A meeting of the Patriot League presidents in December 2009 failed to produce consensus on what to do, but the league announced it would come to a decision within a year. This week's summer meeting of the presidents has not to date announced any further resolution and the PL continues towards a self-imposed December deadline to address Fordham's wanderlust.


This decision won't come down to Fordham. It will come down to Lehigh.


There are probably two schools in the camp for football scholarships (Fordham, Colgate) and a mix of schools which range from those who could afford it (Lehigh, Holy Cross), to those that could probably be talked into it (Lafayette, Bucknell). The PL may determine that its Ivy alliances and non-scholarship philosophy are more important than games against UConn or Temple, and Fordham will be politely shown the door. But here is where Lehigh holds a trump card--it is arguably the strongest program in the conference and one whose recruiting and revenue base can justify scholarships.

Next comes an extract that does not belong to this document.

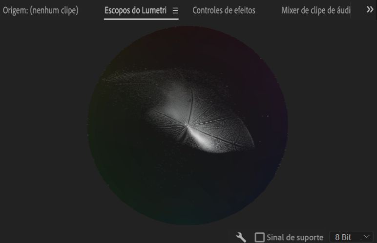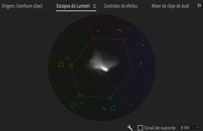 Um vetorscópio é um gráfico circular que monitora as informações de cor de uma imagem. Ele mede a saturação do centro para fora e mede a matiz em um padrão circular.

If Lehigh gave its presidential approval to scholarships, it's not like the PL is going to throw them out, and its support puts enormous pressure on Lafayette (and less so to Colgate and Holy Cross) to follow suit, pressure that Fordham cannot and does not possess. If the Engineers add 60 scholarships, rest assured the Leopards, Red Raiders and Crusaders won't settle for less. Conversely, if Lehigh stands up for the PL philosophy, it would keep the foundations in place for the entire league and prevent other schools from venturing out on its own.


OK, so no one is going to confuse a Saturday afternoon at Nebraska with Lehigh, but the Huskers' choice of stability and security versus revenue and prestige does mirror what the Patriot League presidents must evaluate. The PL was built on Derek Bok and John Brooks' shared vision of amateur competition among elite colleges, without the pressure and presumed professionalism of "big time" football. The model has been somewhat marginalized in recent years by the erosion of interest in non-scholarship football in the East, the move by the Ivy League to offer more grant money than what is offered in the PL, and the perception that non-scholarship schools are being left behind in recruiting and on-field performance. The days of multiple playoff bids and a PL team in the I-AA championship game seem more distant than ever.

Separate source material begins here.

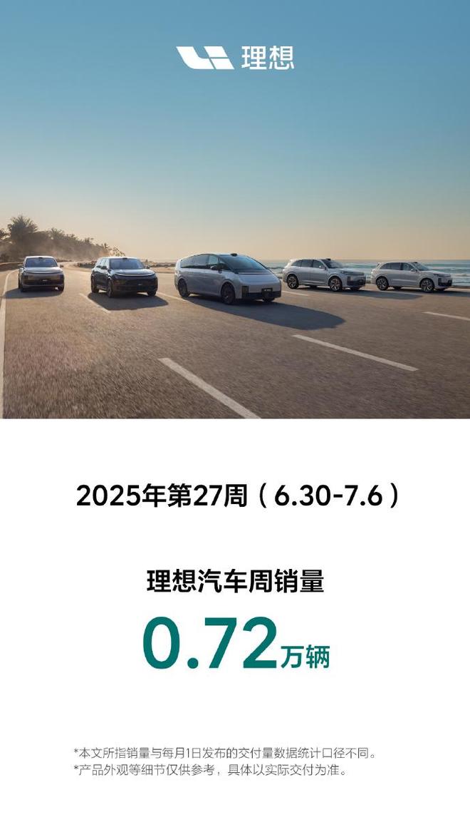 理想汽车第27周销量0.72万辆 访客 2025-07-08 16:13:58 43912 抢沙发 默认 理想汽车今日公布2025年第27周(6.30-7.6)销量数据:0.72万辆。 标签: 销量 理想 海报 阅读 QQ 分享 微博分享 微信分享 分享 上一篇京东外卖:近200个餐饮品牌销量破百万,“双百计划”投入超百亿扶持品质商家 下一篇短剧谐音梗:“骁米”董事长“苏柒”想挖“宋明珠”手下“余程东” 京东外卖:近200个餐饮品牌销量破百万,“双百计划”投入超百亿扶持品质商家上一篇 短剧谐音梗:“骁米”董事长“苏柒”想挖“宋明珠”手下“余程东”下一篇 相关推荐 销量理想 保时捷中国CEO盛赞中国车企创新速度,每日产品更新迭代表现惊人 2025-12-12 苹果iPhone 17 Pro/Pro Max降价促销,最高直降300元,起售价低至8699元起 2025-12-08 理想汽车OTA 8.1更新发布,支持绑定理想AI眼镜新功能 2025-12-07 极石汽车第2万辆成功下线,迈向大规模生产的新里程碑 2025-12-07 理想AI眼镜Livis,未来科技视界的理想附件正式发布 2025-12-04 iPhone 17系列销量火爆背后的创新不足质疑,王自如深度剖析 2025-12-04 零跑汽车11月交付量突破7万,同比增长超75% 2025-12-01 苹果全球市场份额突破记录,十月飙升至24.2% 2025-11-30 发表评论取消回复 快捷回复: 评论列表 (暂无评论,43912人围观)参与讨论 还没有评论,来说两句吧...

Such temptations come at a price, however, and not only philosophically--the cost of maintaining 57-63 athletic scholarships in football in the Title IX era is not inconsequential. Fordham is able to do it because its football financial aid money was accounted for in the athletic budget, not as general aid received by any eligible student. The transition might be far less palatable to schools which have built its program from general aid and not athletic aid.

Left unsaid for now is where Georgetown fits into all this--frankly, it doesn't. The Hoyas are such an outlier in this discussion, but the results of whatever the league decides will likely have a transformative effect on where we see Georegetown foottball going forward. I'll save the arguments pro and con for another column, but consider this sobering fact of the Kelly era: Georgetown is 1-23 against PL schools, and these are schools without football scholarships. If four, five or six of these PL schools quickly ramped up to 55-60 scholarships, how would the Hoyas fare?

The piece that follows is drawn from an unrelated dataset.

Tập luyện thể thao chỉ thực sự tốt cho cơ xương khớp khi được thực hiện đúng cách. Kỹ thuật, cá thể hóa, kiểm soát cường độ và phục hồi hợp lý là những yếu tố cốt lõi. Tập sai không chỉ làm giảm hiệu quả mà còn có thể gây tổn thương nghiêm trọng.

Assuming the PL hasn't reached a resolution this week, and notthing suggests they have, a decision is promised by the end of this year. There are two doors awaiting the league, and these school presidents know that the decision made affect the long term structure and stability of the entire league itself, not just football. Much like the Big XII, it must stand together, lest it hang separately. Fordham has made its choice, but a number of other schools will look to Lehigh to choose which door to collectively pass through.

So will it be the lady, or the tiger?